The deflate algorithm is actually a bit more clever than the preceding description would suggest. Rather than simply storing the length/distance pairs and literal bytes as is, it further compresses the data by Huffman-encoding the LZ77 output. This approach is generically referred to as LZH; deflate's uniqueness lies in its method of combining literals and lengths into a single Huffman tree, its use of both fixed and dynamic Huffman codes, and its division of the output stream into blocks so that regions of incompressible data can be stored as is, rather than expanding significantly, as can happen with the LZW algorithm.

The PNG specification further dictates that the deflate data stream must conform to the zlib 1.0 format. In particular, the size of the sliding window must be a power of 2 between 256 bytes and 32 kilobytes, inclusive, and a small zlib header and trailer are required. The latter includes a 32-bit checksum on the uncompressed data; recall that the compressed stream is already covered by PNG's 32-bit CRC value in each IDAT chunk.

More detailed explanation of the deflate algorithm and the zlib data format is beyond the scope of this book, but the full zlib and deflate specifications are available from http://www.zlib.org/zlib_docs.html . In addition, a reference such as The Data Compression Book, by Mark Nelson and Jean-loup Gailly, is invaluable for understanding many compression algorithms, including LZ77 and LZSS.
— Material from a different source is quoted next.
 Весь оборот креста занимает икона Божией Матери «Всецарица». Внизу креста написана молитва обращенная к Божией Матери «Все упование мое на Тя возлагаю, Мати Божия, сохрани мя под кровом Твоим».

Practically speaking, independent implementation of the deflate algorithm is both difficult and unnecessary. Almost every PNG implementation available today makes use of the freely available zlib compression library, and the examples in Part III, Programming with PNG, do so as well.[71] For now I merely note that zlib supports ten compression levels (including one with no compression at all), differing in the algorithms used to find matching strings and in the thresholds for terminating the search prematurely.
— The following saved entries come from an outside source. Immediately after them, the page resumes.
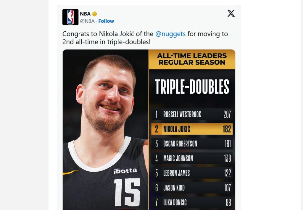 Iz igre je imao 7/12, za tri 2/2, a sa linije penala 6/6. Takođe, na listi igrača sa tripl-dablom u regularnom delu sezone pretekao je Oskara Robertsona (181) i ispred njega je sada samo Rasel Vestbruk (207).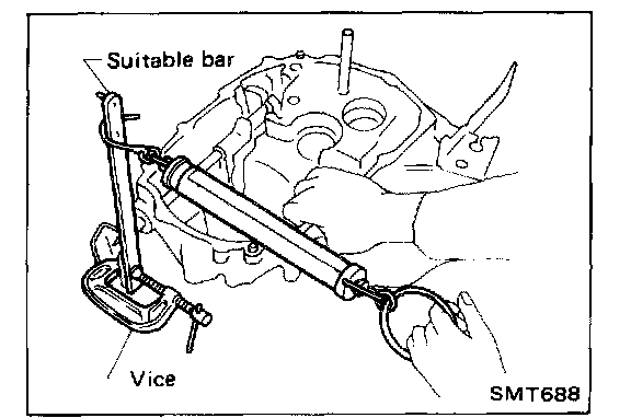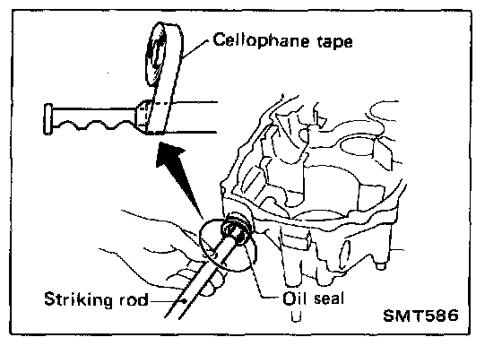 Note: When inserting striking rod into clutch housing, tape edges of striking rod to avoid damaging oil seal's lip if it hits against oil seal.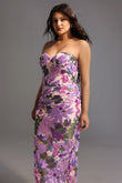 Eugenia Flower Sequins Strapless Mesh Dress - Purple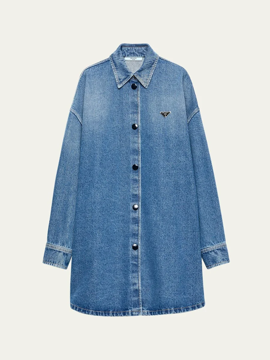 Prada shirt in faded medium wash denim with an enameled metal triangle logo on the chest Point collar; snap-button front Long sleeves; snap barrel cuffs Oversized fit Tunic length Shirttail hem Cotton Dry clean Made in Romania Online Inquiries: BGS21_BA9QL| Store Inquiries: #5063785

[71] Nevertheless, at least one alternative (in C++) is available as part of Colosseum Builders' Image Library, and it is also described in a book by John Miano, The Programmer's Guide to Compressed Image Files.
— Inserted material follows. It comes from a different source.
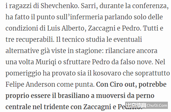 在赛前的会议期间,蓝鹰主帅萨里谈到了目前球队伤病的情况,目前路易斯·阿尔贝托、扎卡尼(1球3助攻)和佩德罗(6球4助攻)三个都预计恢复良好,已经没有肌肉问题。面对因莫比莱的可能缺席,他研究了替代方案:巴西前锋费利佩·安德森(4球3助攻)与 扎卡尼和佩德罗组成新的三叉戟。中场方面,将会是阿尔贝托,卡塔尔迪和 米林科维奇的搭档。在后卫线上将会看到希萨伊,路易斯·费利佩,阿切尔比和马鲁西奇的搭配。

As an aside, note that the efficiency of the compression engine increases as more data is processed, with peak efficiency being reached when there is sufficient data to fill the sliding window. This occurs mainly because there are fewer strings available in the ``dictionary,'' but also, initially, because those strings that do exist are limited in length--obviously, they cannot be any longer than the amount of data in the window. Thus, for example, when 25% of the compressed data has been received, it may correspond to only 20% of the pixels. But because of data buffering in network protocols and applications, any large disparities due to the truly low-efficiency encoding at startup will tend to be washed out at the 512-byte level (or higher). That is, even though the first 50 bytes might represent only 1% compression, those bytes generally will not be available until after the 512th byte has been received, by which point the compression efficiency may have reached 10% or better. And since this is generally true of most compression algorithms, including those used by both GIF and PNG, it is reasonable to compare (as I did in Chapter 1, "An Introduction to PNG") the appearance of the uncompressed pixels at an instant when equal amounts of compressed data have been received.

A Final Word on Patents

As mentioned at the end of Chapter 7, "History of the Portable Network Graphics Format", Stac has reportedly claimed that the deflate algorithm is covered by two of their patents. In fact, there are a number of patents that can be infringed upon by a compliant deflate implementation, including one held by PKWARE itself that involves sorted hash tables. But the deflate specification includes a section on implementing the algorithm without infringing,[72] and, of course, zlib itself follows that prescription. While these things are never 100% certain unless and until they are tested in court, developers and users can be reasonably confident that the use of zlib and its implementation of the deflate algorithm is not subject to licensing fees.

[72] From Section 4 of the deflate specification, Compression algorithm details: ``...it is strongly recommended that the implementor of a compressor follow the general algorithm presented here, which is known not to be patented per se.''




Last Update: 2010-Nov-26